For Hinton, an overlay might mean protecting roadside lakes; manicured, pre-Civil War gravestones; and the small church established in 1821 that has curtains in the windows and a gravel drive but no distinguishable parking lot.

“I’d preserve anything that’s green and farmland,” Faup said.

Agricultural activities would remain untouched and commercial development would have to comply with overlay standards. The district would also become a factor in determining future land use and development.

The proposed districts evolved from requests by citizens to designate Roby Farm and Rock Quarry roads as scenic, Thaddeus Yonke, county planner, said. The Planning and Zoning Commission then expanded the idea to protect entire areas.

Interested residents would be responsible for bringing recommendations to the planning and zoning commission. A committee of three to five residents would work with planners to draft development standards that could include setback requirements, minimum lot sizes and architectural requirements, for example. Regulation of more trivial aesthetic qualities such as paint color is “further than the county normally goes,” but it could be done, Yonke said.

Preserving that hometown feel

At a recent work session, the Boone County Commission decided that 75 percent of frontage owners and 67 percent of property owners would have to agree on a preservation district’s standards in order for the district to be approved.
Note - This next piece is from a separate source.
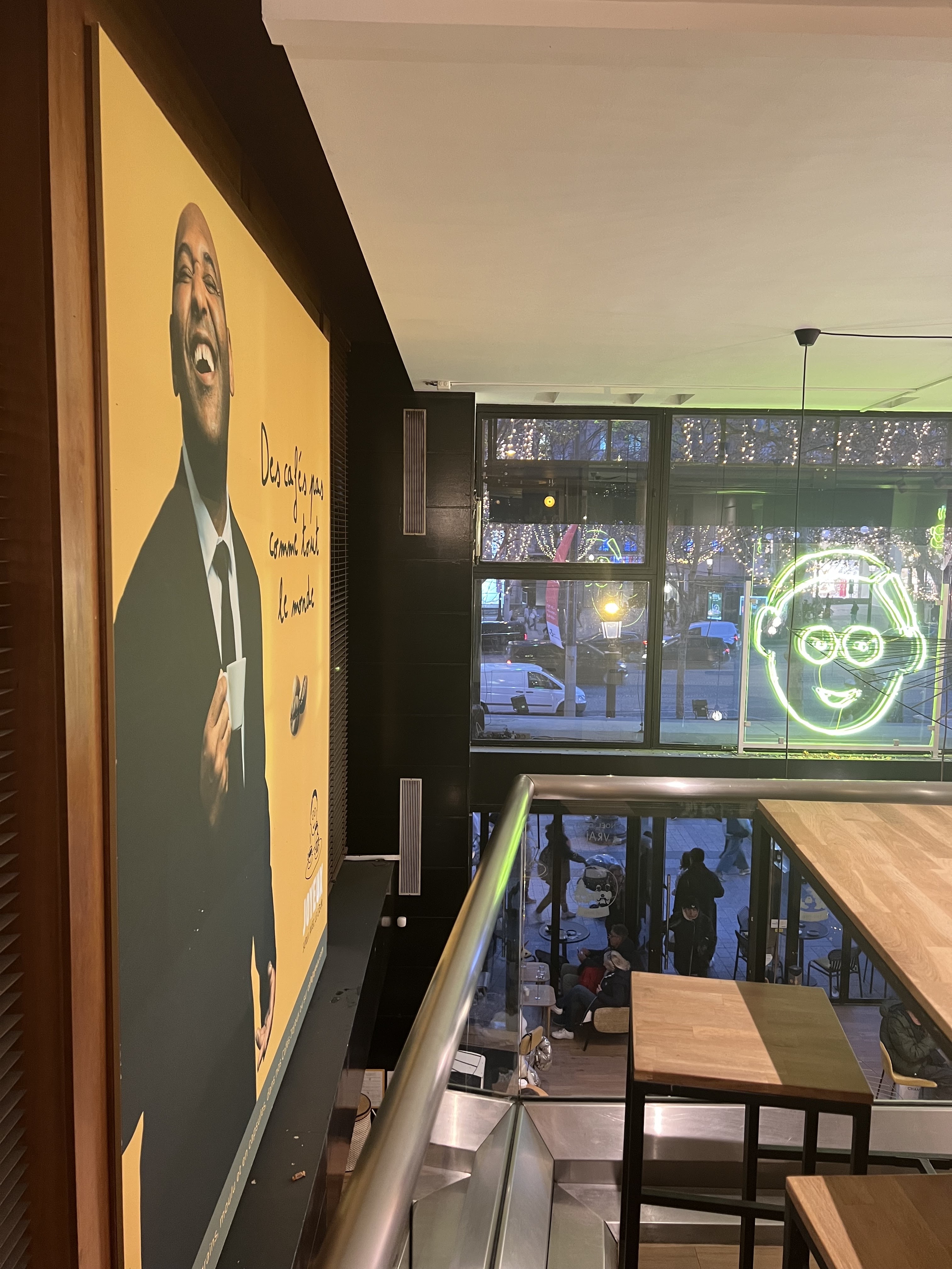 Pour les amateurs de café les plus exigeant passer votre chemin. Je ne regrette pas, car le cadre est vraiment sympa, visuellement ça fait très plaisir, et le café n’est pas mauvais, loin de la. Toujours mieux qu’un starbuck mais malheureusement la confection des boissons n’est pas a la hauteur du cadre. Je veux pas trop râler sur le service car je suis sûr qu’il font de leur mieux… mais ce n’est pas très agréable quand une partie de la boisson est renversée sur la anse, alors que la tasse est loin d’être pleine. J’espère que vous m’en voudrais pas mais je suis assez exigeant en matière de café. Je trouve la moyennes de note peu représentatives. J’étais un poils trop sévère mais les tarifs sont assez corrects vue le positionnement du café.

“We don’t want to spend a lot of time unless there is significant buy-in from people who are affected,” Yonke said.

Developers would also benefit, Yonke said, because they wouldn’t waste time with proposals that don’t match the neighbors’ vision.

Though county officials don’t know how many neighborhoods might apply for the designation, Yonke said that now “there is a mechanism in place.”

As for preserving Hinton’s character, Faup didn’t seem worried.

“It doesn’t change a lot around here,” she said.